WHAT THE TASK ASKS: Of the material below, the lines to be retyped are those from the line containing "Karangan bunga standing" through the line containing "PCS全体を選択して、 ![]() 右クリックして「選択対象から作成」→「配列を作成」", inclusive; reproduce them exactly.

SUPPLIED DATA:
# # #

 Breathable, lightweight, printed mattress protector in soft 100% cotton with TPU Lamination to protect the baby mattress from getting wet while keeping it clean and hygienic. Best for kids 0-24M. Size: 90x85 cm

# # #

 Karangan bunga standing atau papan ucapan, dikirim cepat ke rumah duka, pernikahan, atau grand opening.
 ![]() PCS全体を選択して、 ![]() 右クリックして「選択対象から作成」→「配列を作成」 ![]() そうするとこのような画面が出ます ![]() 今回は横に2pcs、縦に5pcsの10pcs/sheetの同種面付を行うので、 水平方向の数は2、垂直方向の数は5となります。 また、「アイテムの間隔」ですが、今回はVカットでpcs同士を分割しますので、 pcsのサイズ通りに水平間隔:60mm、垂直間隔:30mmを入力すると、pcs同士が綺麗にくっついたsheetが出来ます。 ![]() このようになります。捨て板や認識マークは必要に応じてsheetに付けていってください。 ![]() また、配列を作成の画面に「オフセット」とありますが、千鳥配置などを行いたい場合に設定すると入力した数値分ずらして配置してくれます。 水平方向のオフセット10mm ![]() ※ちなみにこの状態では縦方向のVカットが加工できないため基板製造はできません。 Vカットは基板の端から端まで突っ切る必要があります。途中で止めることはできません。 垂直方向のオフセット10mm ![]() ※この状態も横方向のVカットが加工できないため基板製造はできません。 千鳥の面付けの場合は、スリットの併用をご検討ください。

# # #

WRITTEN REPLY:
 Karangan bunga standing atau papan ucapan, dikirim cepat ke rumah duka, pernikahan, atau grand opening.
 ![]() PCS全体を選択して、 ![]() 右クリックして「選択対象から作成」→「配列を作成」 ![]() そうするとこのような画面が出ます ![]() 今回は横に2pcs、縦に5pcsの10pcs/sheetの同種面付を行うので、 水平方向の数は2、垂直方向の数は5となります。 また、「アイテムの間隔」ですが、今回はVカットでpcs同士を分割しますので、 pcsのサイズ通りに水平間隔:60mm、垂直間隔:30mmを入力すると、pcs同士が綺麗にくっついたsheetが出来ます。 ![]() このようになります。捨て板や認識マークは必要に応じてsheetに付けていってください。 ![]() また、配列を作成の画面に「オフセット」とありますが、千鳥配置などを行いたい場合に設定すると入力した数値分ずらして配置してくれます。 水平方向のオフセット10mm ![]() ※ちなみにこの状態では縦方向のVカットが加工できないため基板製造はできません。 Vカットは基板の端から端まで突っ切る必要があります。途中で止めることはできません。 垂直方向のオフセット10mm ![]() ※この状態も横方向のVカットが加工できないため基板製造はできません。 千鳥の面付けの場合は、スリットの併用をご検討ください。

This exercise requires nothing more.